Saturday, August 4, 2007

Keep Your Hands Off My Son's Harness

I'll get back to Greers Ferry stories tomorrow, but I just needed to share this morning's experience.

Saturday mornings, we usually go to the Farmer's Market here in town around 7:00 since Sam is up anyway. This morning, Sam slept until 7:30 (wonder of wonders), so we decided to eat breakfast before going.

Bad idea.

The Market was packed. There was no strolling through the aisle, you were carried along by the current. Nervous about losing Sam in such a crowded place, we asked him if he wanted to sling or wear his monkey. He opted for the monkey, so we slipped it on his back and he and I wandered the Market's perimeter while Joy picked out our produce.
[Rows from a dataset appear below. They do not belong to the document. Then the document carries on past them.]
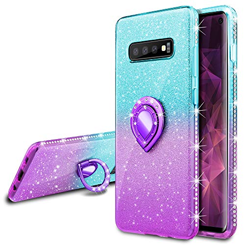 VEGO Samsung Galaxy S10 Glitter Gradient Ombre Case with Ring Holder Kickstand for Women Girls Bling Diamond Rhinestone Sparkly Bumper Fashion Shiny Cute Protective Case for Galaxy S10(Teal Purple)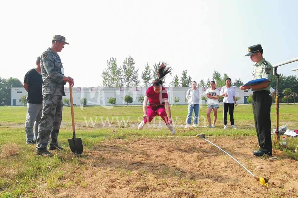 8月9日,随州市开展2019年女兵应征初检,按照政治思想、身体条件、文化素质等初选的47名女青年参加了体能测试。图为三项体能测试之一的立定跳远测试现场。据悉,今年随州市报名应征女兵的适龄女青年有200余名,其中47名初选对象全部为大学毕业或在校大学生及大学新生。(随州日报全媒记者李文军、通讯员闵聪摄)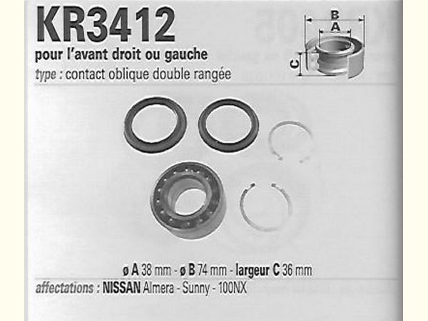 Précisions transmises par le vendeur : Almera tous modèles (N15) de 10/95 à 6/00, Sunny tous modèles de 1/91 à 2/96, 100NX tous modèles de 1/91 à 1/97, roulement 38x74x36 : Gauche et droite équivalent MGA KR3412.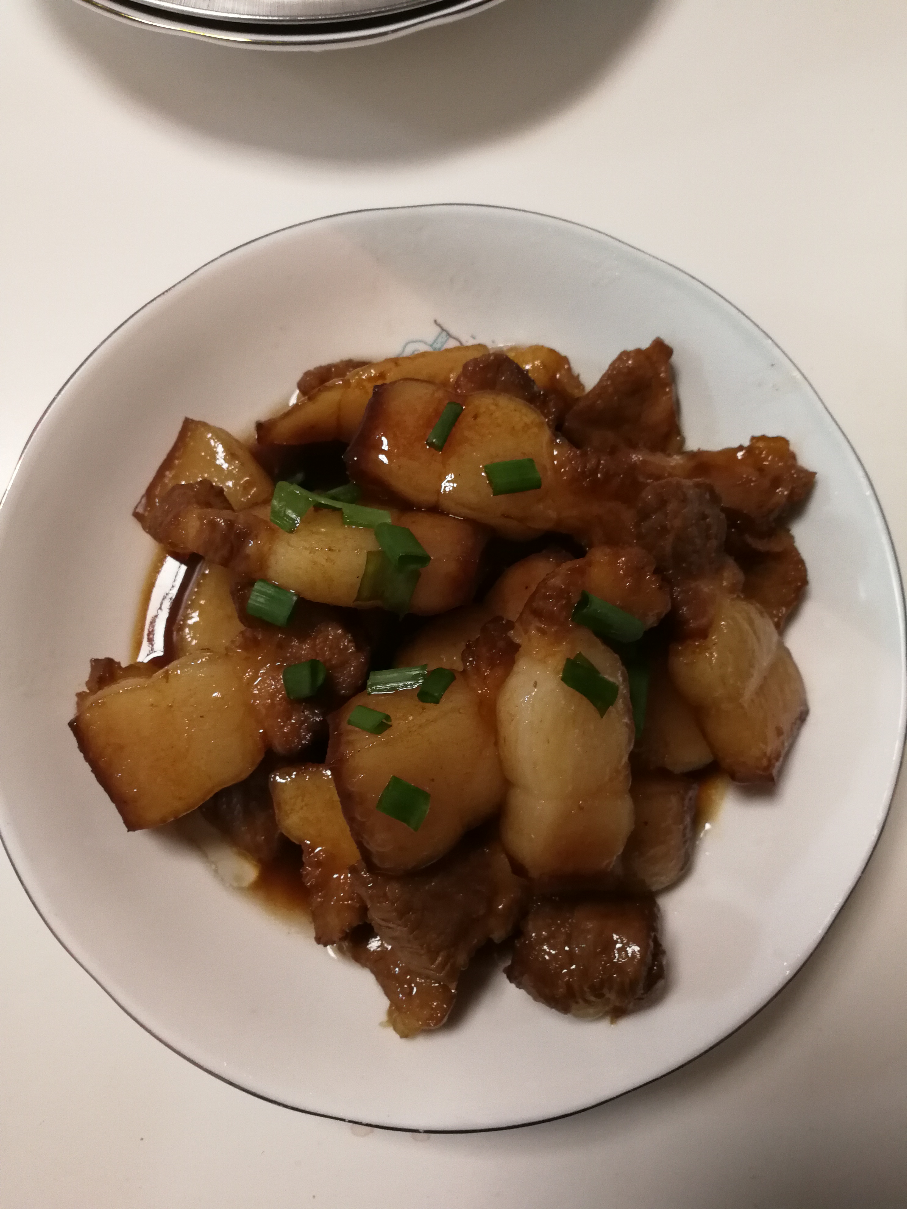 6. 一段时间后,大火收汁,盛出,撒上切好的小葱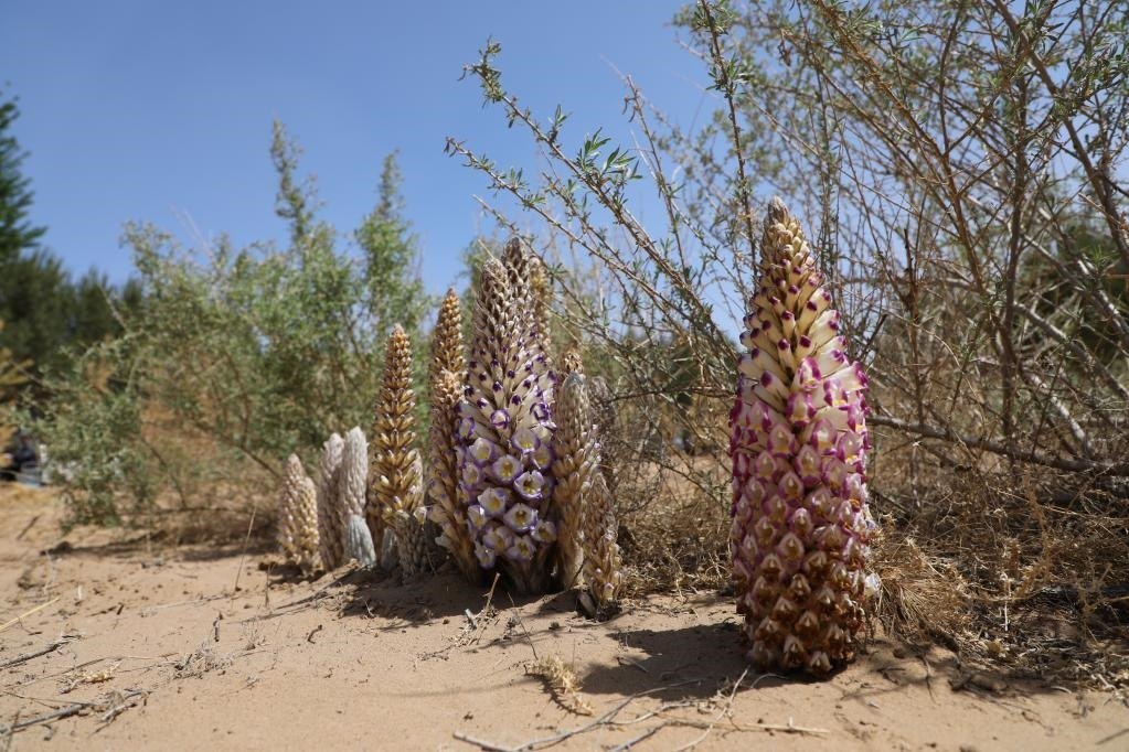 記者在四翅濱藜肉蓯蓉試種基地看到,一株株四翅濱藜綠意盈盈,在其根部生長的一排排肉蓯蓉破土而出,一株最多長出40多株肉蓯蓉,五顏六色的肉蓯蓉花競相開放,成為一道美麗的風(fēng)景。
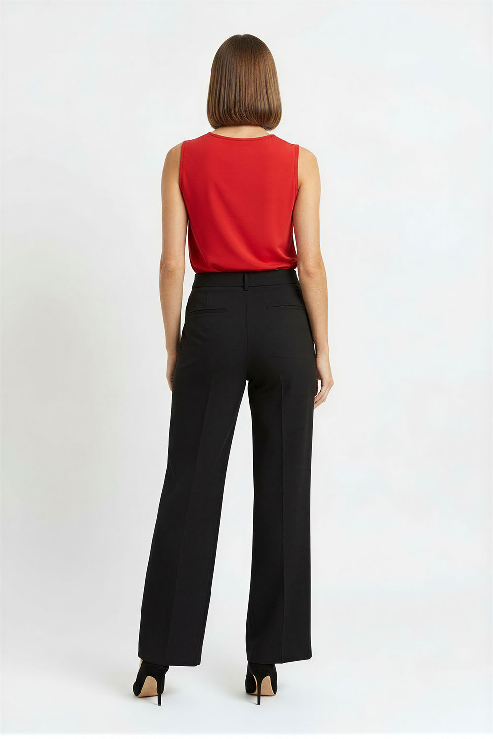 Blusa sin mangas con cuello redondo, diseño con abertura frontal y detalle decorativo, estructura ligera, caída fluida, ajuste cómodo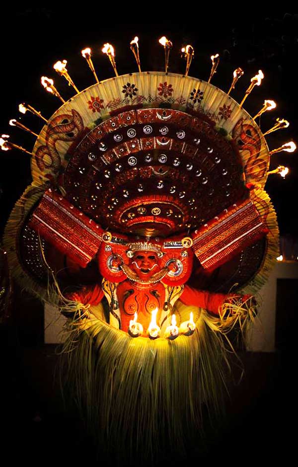 Thalaappan Bhagavathy Theyyam is a rare theyyam limited to a single Tharavadu in Kannur region of Kerala. As per information, this is a fierce manifestation of Mother Goddess Shakti. As per Thalaappan Bhagavathy Theyyam story, Bhagavathi appeared before an elderly person in Thalaappan tharavadu. She was given a place of worship. The Bhagavathy accepted the invitation and made the tharavadu her aaroodam. She blessed the people of the region with peace and prosperity. She protected livestock and cured communicable diseases. To keep her calm and to get her blessings a theyyam is performed annually.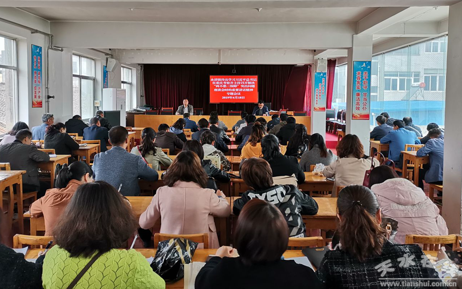 习总书记的重要讲话精神犹如和煦春风,迅速吹遍清水大地,4月18日,清水县组织广大干部群众召开专题学习会议第一时间传达习总书记在“两不愁三保障”突出问题座谈会上的重要讲话精神,县四大组织和县直各部门干部和各乡镇、村组(社区)群众、帮扶干部、第一书记则通过网络、手机客户端自发收听收看了新闻联播视频,认真学习了习近平总书记对做好脱贫攻坚工作的新指示和新要求。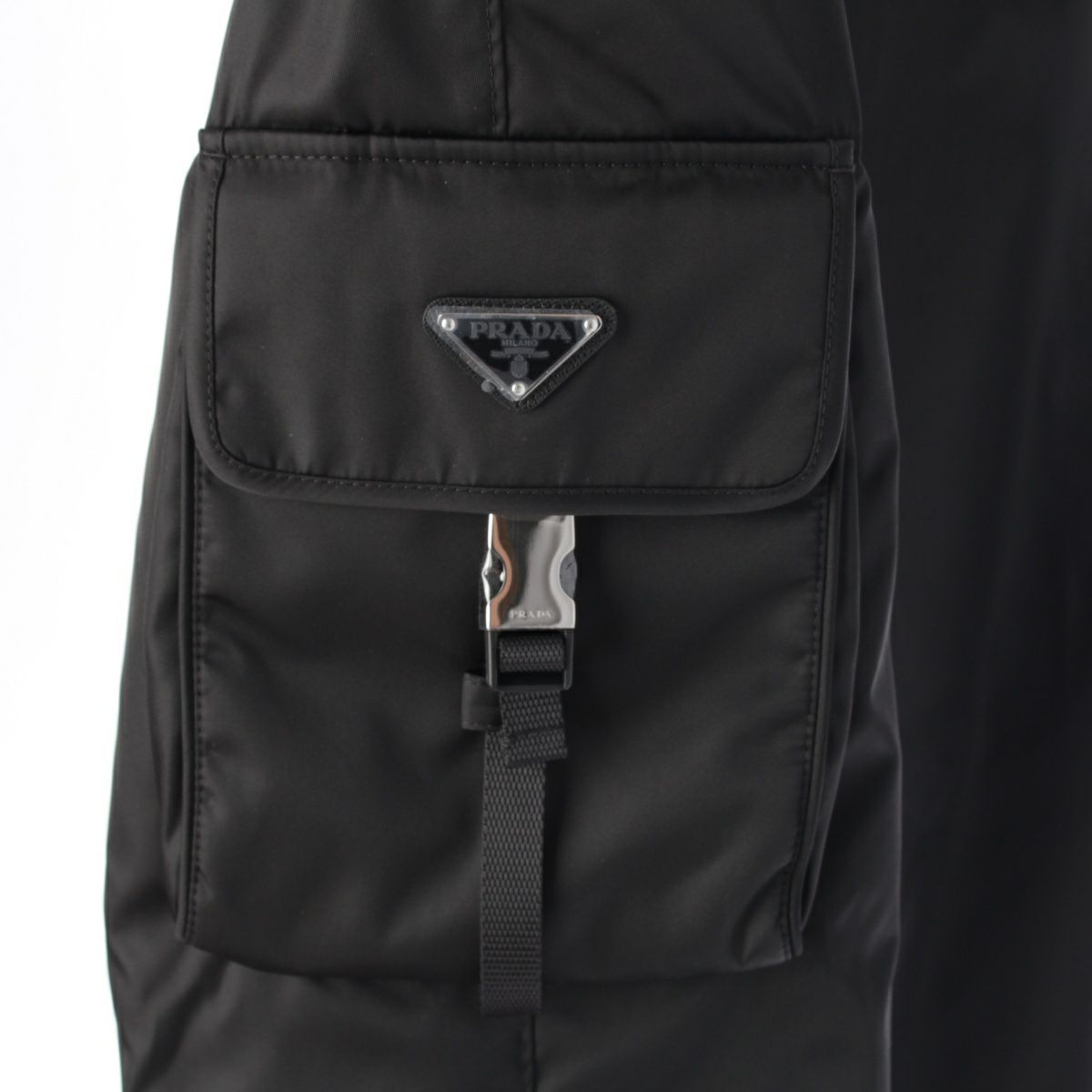 プラダ Re-Nylon リナイロン トライングルロゴ 三角プレート サイドポケット カーゴパンツ ボトムス PH130 ブラック 50

Right off the bat, a grandmotherly lady stopped me to ask where I found Sam's harness. She related how grand it was using one for her children, and now that she had a new 10-month-old grandson, she wanted to get one for him. After I told her where and when we got Sam's, she walked away declaring she would go buy one today. Sam and I went about our business, listening to the musicians playing, talking to big dogs, sitting on the curb watching the world go by. Then a couple approached me and the husband bent over Sam and asked him: "Has your daddy taught you to lie down and roll over yet?"

Waves of fury, no, tsunamis of fury rose up to my mouth and began to pour forth with retorts like "If you have something to say about my parenting, have the nerve to say it to my face and not to my son," and "If you'd like to be responsible when my son is abducted, I'll be happy to take his harness off." But before anything could come out, his wife began talking about how great harnesses were and how her noisy neighbor was always complaining about them but had forgotten what it was like to parent and blah blah blah.

I walked away.

Now, I've mentioned how Joy and I used to scoff at harnesses, but never in my wildest dreams would I have let such a comment come out of my mouth in public or private. Memo to the nice lady at the Market this morning: your husband needs a leash for his mouth.

5 comments:

katre said...

Wow, that is so insanely rude. My son, Zameen, also has a monkey harness (we got it after reading about Sam's!), and a few people have asked where it came from, but no one has ever been that rude to us about it.

I probably wouldn't have been able to restrain the urge to say something to the loudmouth, though.

laura gayle said...

That fella doesn't need a harness. Just a muzzle.

Years ago I wondered why people would put harnessed on their toddlers, but I do now. All you have to do is read the news.

I'm just sorry Sam didn't say, "no, Daddy wouldn't teach me that. But maybe you need to learn how to sit, stay, and heel."

Jaime Olson said...

Ewwwww!!! (shaking fist) These sorts of comments get me in trouble because I have a very hard time not saying something right back! You did well, Andrew. And you posted about it without being mean. Very nicely done.

Anonymous said...

I'm impressed you held your tongue. Like Jaime, I don't know if I could have stayed quiet.

Andrew said...

I probably would have said something if the man's wife hadn't been there talking over his rude comment. I decided that they really weren't worth my time that day. Another day? Who knows.